Les plans stratégiques: outils modernes indispensables à la fois aux entreprises publiques et aux partis politiques
La Côte d’Ivoire, ces dernières a fait des plans stratégiques de développement des entreprises publiques, un passage obligé, de l’efficience de leur gouvernance. A cette politique, est associée l’élaboration de contrats de performance signés par les dirigeants sociaux.
Bien que détenant les compétences de sa compétence, la puissance publique (l’Etat) prend soin, malgré tout, de se mettre à l’abri de divers aléas, en dégageant des axes stratégiques assortis de plans d’actions opérationnelles.
Sans faux fuyant, chaque entreprise publique fait l’état des lieux à travers une analyse SWOT.
Sans tricherie ni complaisance, les facteurs internes et ensuite les facteurs externes sont pesés :
- Strengths (Forces) :
Les forces font référence aux initiatives internes qui obtiennent d’excellents résultats. Il s’agit des atouts sur lesquels vous avez un contrôle total. Pour analyser vos forces, posez-vous ces questions :
- En quoi notre entreprise se démarque-t-elle de la concurrence ?
- Quels sont nos avantages technologiques ou humains ?
- Weaknesses (Faiblesses) :
Les faiblesses de l’entreprise font référence aux initiatives internes moins performantes. L’identification de ces lacunes constitue le point de départ de votre amélioration. Demandez-vous :
- Sur quels points devons-nous nous améliorer ?
- Quelles ressources nous manquent pour obtenir de meilleurs résultats ?
- Opportunities (Opportunités) :
Les opportunités sont des éléments extérieurs à votre entreprise que vous pourriez exploiter pour vous placer dans une position concurrentielle plus forte. Demandez-vous :
- Quelles sont les nouvelles tendances du marché que nous pourrions capter ?
- Y a-t-il des changements réglementaires ou technologiques en notre faveur ?
4- Threats (Menaces)
Les menaces font référence aux domaines externes susceptibles d’entraîner des problèmes.
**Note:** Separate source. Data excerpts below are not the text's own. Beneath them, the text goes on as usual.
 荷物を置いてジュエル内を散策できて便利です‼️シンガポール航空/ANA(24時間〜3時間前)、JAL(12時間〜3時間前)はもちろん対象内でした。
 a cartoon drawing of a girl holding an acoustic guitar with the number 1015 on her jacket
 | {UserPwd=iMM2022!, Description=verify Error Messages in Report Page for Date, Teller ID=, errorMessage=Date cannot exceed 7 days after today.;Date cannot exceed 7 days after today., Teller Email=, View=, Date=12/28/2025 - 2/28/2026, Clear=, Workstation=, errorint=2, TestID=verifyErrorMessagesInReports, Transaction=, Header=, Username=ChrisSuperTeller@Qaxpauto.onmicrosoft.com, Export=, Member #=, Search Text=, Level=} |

Elles sont hors de votre contrôle, mais vous devez les anticiper. Demandez-vous :
- Sur quels points nos concurrents obtiennent-ils de meilleurs résultats ?
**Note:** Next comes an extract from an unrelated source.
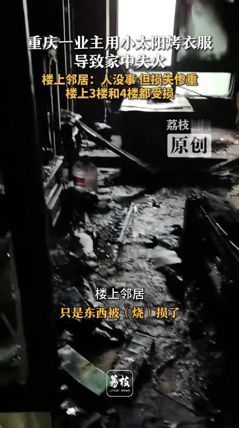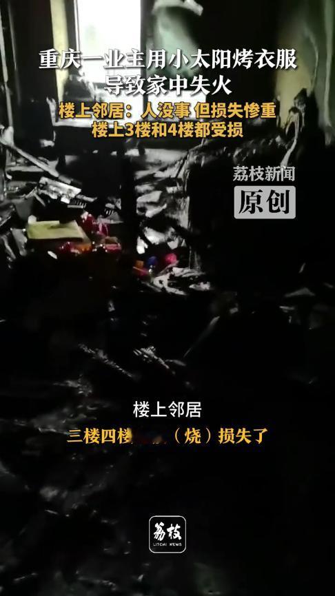 “悲剧还是发生了!”12月12日,重庆,一女子晚上睡觉时,突然感觉呼吸困难,打开灯后发现屋内全是烟,最终发现是楼下起火了!原来,邻居用小太阳烤衣服,结果睡觉时忘记了,最终引发了火灾。网友:心怎么这么大! 现在的天气一天比一天凉,洗衣机烘干过的衣服,也要等上好几天才会干,有些人为了图方便,可能会用烘干机或者小太阳烤衣服,可是在使用过程中一定要注意安全。 当天晚上,二楼的业主洗完衣服后,担心第二天干不了,就搬来小太阳放在阳台,对着潮湿的衣服炙烤。 由于等待的过程太无聊,业主便回到卧室休息了,结果却把烤衣服的事忘得一干二净,小太阳就这么开了一晚上,最终设备发生了短路,引发了火灾。 业主半夜突然惊醒,救火已经来不及了,只能尽快逃到外面拨打消防电话,与此同时,楼上的邻居也感觉家里不对劲,不仅变得异常暖和,还被烟呛得直咳嗽。 意识到情况不对劲后,大家争先恐后的撤到外面,最终大火被消防员扑灭,但损失却也非常明显。 二楼的业主不仅要重新装修,还要赔偿楼上的几户邻居,这下子又得几十万砸进去! 网友看后表示,这回真是长教训了,使用这种取暖设备时,一定不能长时间没有人在一旁,不然一旦发生意外,想要救火都来不及。 信息来源:《12月12日,重庆。网友发帖称,楼下邻居用小太阳烤衣服导致家中失火损失惨重,邻居称人没事,但是损失不小。》第一现场
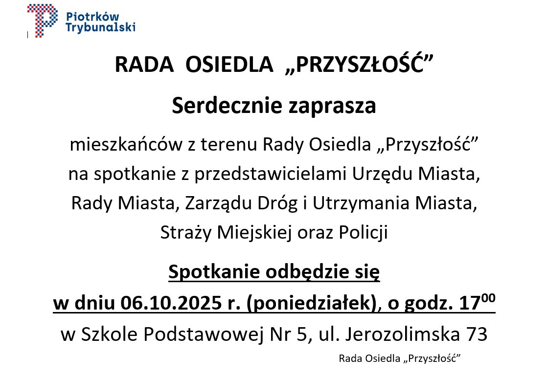 Kolejne spotkanie dla mieszkańców tym razem organizuje Rada Osiedla Przyszłość. To okazja, by spotkać się z przedstawicielami Urzędu Miasta, Rady Miasta, Zarządu Dróg i Utrzymania Miasta oraz pracownikami Straży Miejskiej i piotrkowskiej komendy policji. Spotkanie odbędzie się 6 października (poniedziałek). Początek o godz. 17 w Szkole Podstawowej nr 5 przy ul. Jerozolimska 73.

- Notre secteur subit-il une crise économique ou une pénurie de talents ?
NB : la démarche requiert aux analystes, un degré de sérieux, de sorte que généralement aucun dirigeant d’entreprise publique n’y associe ses larbins.
Par exemple, dans la rubrique menaces, l’hypothèse qui revient le plus souvent, c’est que ferait l’entreprise en cas d’éclatement d’une crise politique rendant impossible la tenue d’élection.
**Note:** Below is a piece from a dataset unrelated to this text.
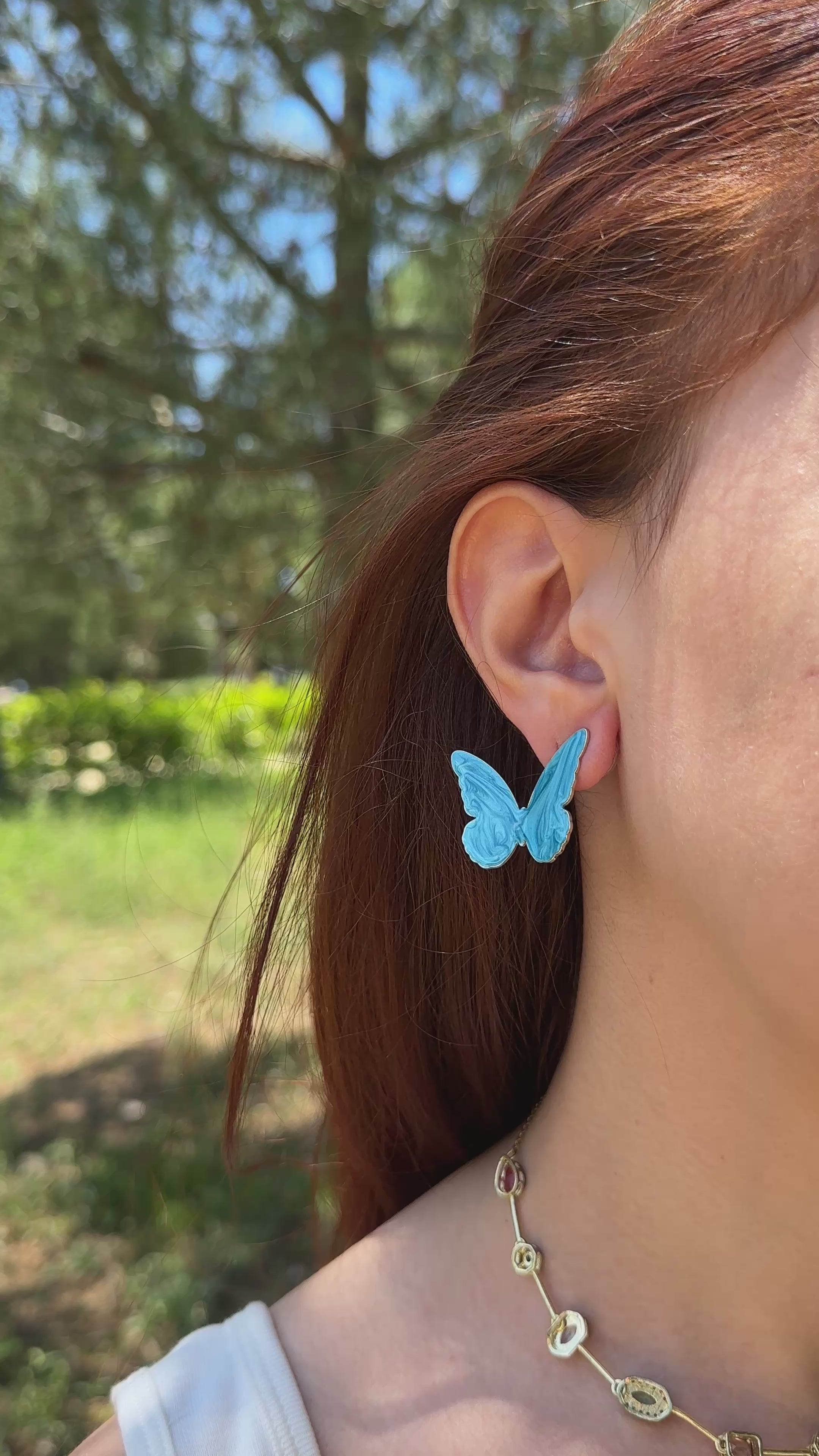 Mavi Mineli Kelebek Küpe

Mais le paradoxe est que, tandis que les démembrements de l’Etat ( les entreprises publiques et les EPN) élaborent des simulations d’hypothèses A, B, C, D…, les partis politiques parties prenantes de l’environnement socio-politique, pour la plupart du temps plombés par la vieille école, font peu de planification ni d’hypothèses, A,B, C.
C’est dans cette grisaille que se trouvent les partis politiques en Côte d’Ivoire.
A l’exception du PDCI qui de façon magistrale menacé de subir l’annulation de son congrès ténu et contesté, a su prendre les devants non seulement pour annuler lui-même ledit congres, mais également reprogrammé un nouveau congres en moins de deux jours pour élire son président, le PPA-CI, a assisté passif sans prévoir de plan de substitution à la candidature, dont la présomption d’être rejetée par le Conseil Constitutionnel était forte et prévisible.
Or, très tôt, bien avant les ennuis judiciaires d’Ousmane SONKO au Sénégal ( arreté en Avril 2023, l’idée de Plan B était déjà sur les lèvres par l’opinion publique ivoirienne, et surtout venant de l’intérieur du parti. C’est le cas de cet encadré datant du 31 décembre 2023. NB : Dès 2022, après l’échec du dialogue Gouvernement Achi /Délégation PPA-CI, tenue en janvier février, les militants de base surtout, nous suggéraient de la base au sommet la recherche d’un plan B, dont nous avons trouvé le profil en la personne du Dr Ingénieurs des Ponts et Chaussées Ahoua Don Mello, dès les jours suivant sa nomination dans l’alliance internationale des BRICS, fin 2023.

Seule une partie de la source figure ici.